[[ Information supplied, beginning ]]

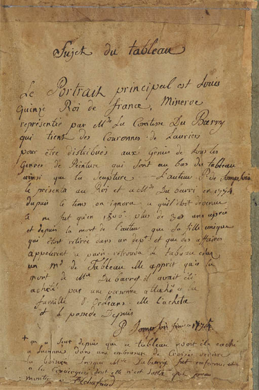 Le Portrait principal est Louis Quinze Roi de France, Minerve représentée par Mde La Comtesse Du Barry qui tient des Couronnes de Lauriers pour être distribués aux Genies de tous les Genres de Peinture qui sont au bas du tableau ainsi que la Sculpture. L’auteur P. [sic] de Sompsois le présenta au Roi et à Mde Du barri [sic] en 1774. depuis Ce tems on ignora ce qu’il étoit devenu. Ce ne fut qu’en 1806 plus de 30 ans après et depuis la mort de l’auteur que sa fille unique qui étoit retirée dans un dept et que des affaires appellèrent à paris retrouva le tableau chez un md de Tableau elle apprit qu’à la mort de Mde Du barry il avait été acheté par une personne attaché à la famille d’Orléans. Elle l’acheta et la possède depuis.
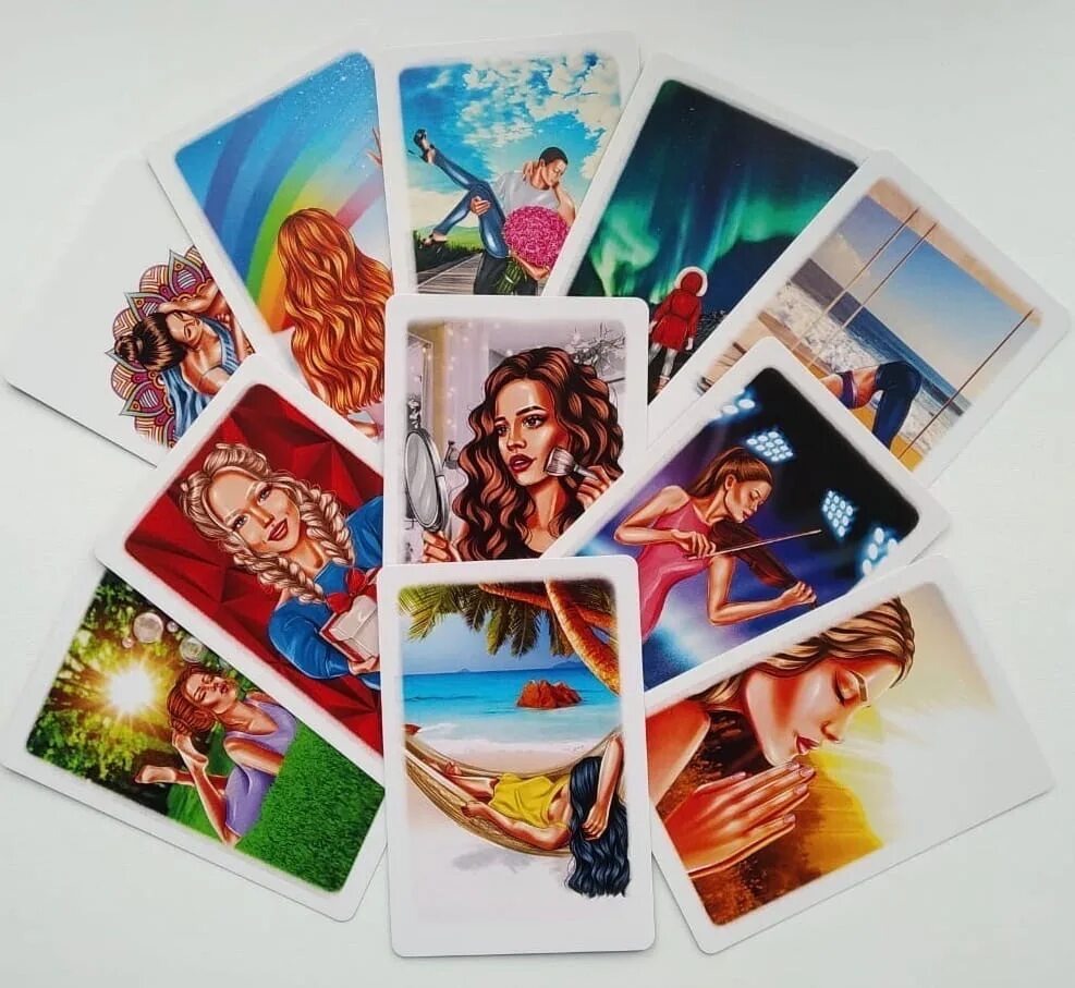 Используя метафорические карты самостоятельно, важно сверяться со своими ощущениями. Если в процессе работы вы чувствуете, что ассоциации уводят вас в болезненный опыт, заставляют переживать травмирующие события или вызывают негативные эмоции, лучше остановиться, поскольку справиться с подобным без поддержки специалиста может быть сложно. Для работы с МАК сначала нужно выбрать колоду. Бумажные версии МАК есть в книжных магазинах и на маркетплейсах. А так же есть приложения с МАК. Лично мне нравятся карты в бумажном варианте. На маркетплейсах можно приобрести их от 200 ₽. Выберите наиболее комфортный способ применения карт. Здесь также подходят как открытый, так и закрытый варианты. Их можно чередовать — оба бывают полезны в разных ситуациях. Вытягивать карты можно столько раз, сколько необходимо. Теперь нужно сформулировать запрос. Важно, чтобы он касался именно вас. Помните, что МАК — способ заглянуть внутрь себя и разобраться в своих мыслях через метафоры. Например, вместо «Почем
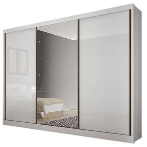 Guarda Roupa Casal Duna 3 Portas 4 Gavetas Neve com Espelho – Novo Horizonte

[[ Information supplied, end ]]

### Task statement
Where the line containing "Используя метафорические карты" appears, begin writing out the lines word for word, and continue through the last line of the data, leaving out pictures.

### Solved exercise
 Используя метафорические карты самостоятельно, важно сверяться со своими ощущениями. Если в процессе работы вы чувствуете, что ассоциации уводят вас в болезненный опыт, заставляют переживать травмирующие события или вызывают негативные эмоции, лучше остановиться, поскольку справиться с подобным без поддержки специалиста может быть сложно. Для работы с МАК сначала нужно выбрать колоду. Бумажные версии МАК есть в книжных магазинах и на маркетплейсах. А так же есть приложения с МАК. Лично мне нравятся карты в бумажном варианте. На маркетплейсах можно приобрести их от 200 ₽. Выберите наиболее комфортный способ применения карт. Здесь также подходят как открытый, так и закрытый варианты. Их можно чередовать — оба бывают полезны в разных ситуациях. Вытягивать карты можно столько раз, сколько необходимо. Теперь нужно сформулировать запрос. Важно, чтобы он касался именно вас. Помните, что МАК — способ заглянуть внутрь себя и разобраться в своих мыслях через метафоры. Например, вместо «Почем
 Guarda Roupa Casal Duna 3 Portas 4 Gavetas Neve com Espelho – Novo Horizonte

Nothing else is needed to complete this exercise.